- Assignment -
Give again, word for word, every line below from the one that has "青口供電所為降低線損,采取多" through the one that has "Effectieve vlekverwijderaar voor", both included, and no others.

- Supplied entries -
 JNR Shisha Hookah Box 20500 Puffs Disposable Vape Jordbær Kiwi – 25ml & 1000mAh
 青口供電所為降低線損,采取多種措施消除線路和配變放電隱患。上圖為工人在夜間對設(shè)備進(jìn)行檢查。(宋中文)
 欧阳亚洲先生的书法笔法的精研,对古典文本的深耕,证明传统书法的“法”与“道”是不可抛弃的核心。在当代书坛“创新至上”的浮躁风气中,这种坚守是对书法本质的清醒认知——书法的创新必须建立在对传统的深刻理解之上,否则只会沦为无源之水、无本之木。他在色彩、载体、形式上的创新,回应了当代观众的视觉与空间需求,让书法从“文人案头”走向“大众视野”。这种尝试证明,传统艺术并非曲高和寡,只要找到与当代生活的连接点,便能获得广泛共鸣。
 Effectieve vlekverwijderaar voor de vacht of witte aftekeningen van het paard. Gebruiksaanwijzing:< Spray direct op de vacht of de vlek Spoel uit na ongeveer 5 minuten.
---
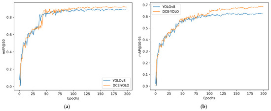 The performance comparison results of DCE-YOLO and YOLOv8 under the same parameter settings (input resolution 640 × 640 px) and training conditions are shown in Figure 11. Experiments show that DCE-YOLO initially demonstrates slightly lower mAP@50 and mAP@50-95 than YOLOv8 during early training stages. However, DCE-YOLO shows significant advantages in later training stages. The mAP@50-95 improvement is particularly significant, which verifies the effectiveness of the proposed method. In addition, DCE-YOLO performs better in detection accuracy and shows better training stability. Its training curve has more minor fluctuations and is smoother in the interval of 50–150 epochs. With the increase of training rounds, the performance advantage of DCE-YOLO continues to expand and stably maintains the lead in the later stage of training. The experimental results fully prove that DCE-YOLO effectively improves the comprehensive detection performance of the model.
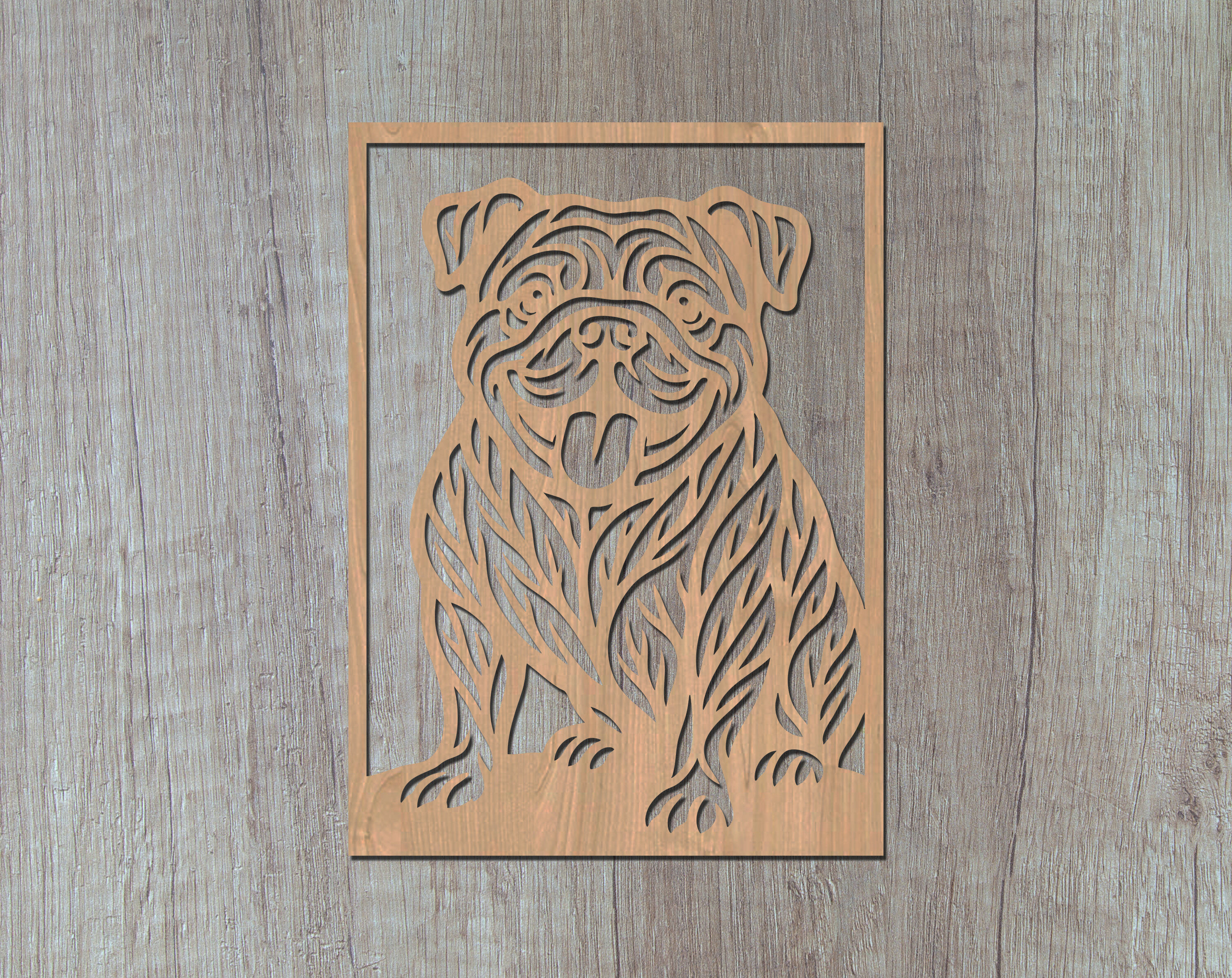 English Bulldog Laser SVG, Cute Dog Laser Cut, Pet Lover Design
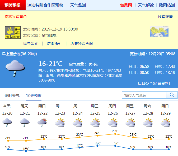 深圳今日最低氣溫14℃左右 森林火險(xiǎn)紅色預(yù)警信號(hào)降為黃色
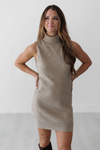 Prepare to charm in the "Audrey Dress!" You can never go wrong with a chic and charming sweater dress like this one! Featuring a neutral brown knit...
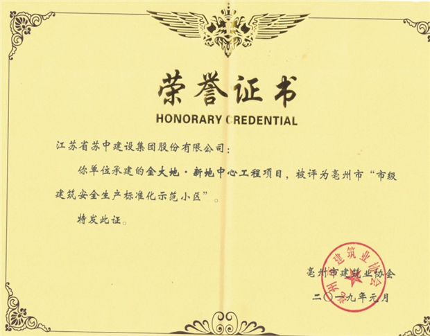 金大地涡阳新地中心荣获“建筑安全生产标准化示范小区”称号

- Written response -
 青口供電所為降低線損,采取多種措施消除線路和配變放電隱患。上圖為工人在夜間對設(shè)備進(jìn)行檢查。(宋中文)
 欧阳亚洲先生的书法笔法的精研,对古典文本的深耕,证明传统书法的“法”与“道”是不可抛弃的核心。在当代书坛“创新至上”的浮躁风气中,这种坚守是对书法本质的清醒认知——书法的创新必须建立在对传统的深刻理解之上,否则只会沦为无源之水、无本之木。他在色彩、载体、形式上的创新,回应了当代观众的视觉与空间需求,让书法从“文人案头”走向“大众视野”。这种尝试证明,传统艺术并非曲高和寡,只要找到与当代生活的连接点,便能获得广泛共鸣。
 Effectieve vlekverwijderaar voor de vacht of witte aftekeningen van het paard. Gebruiksaanwijzing:< Spray direct op de vacht of de vlek Spoel uit na ongeveer 5 minuten.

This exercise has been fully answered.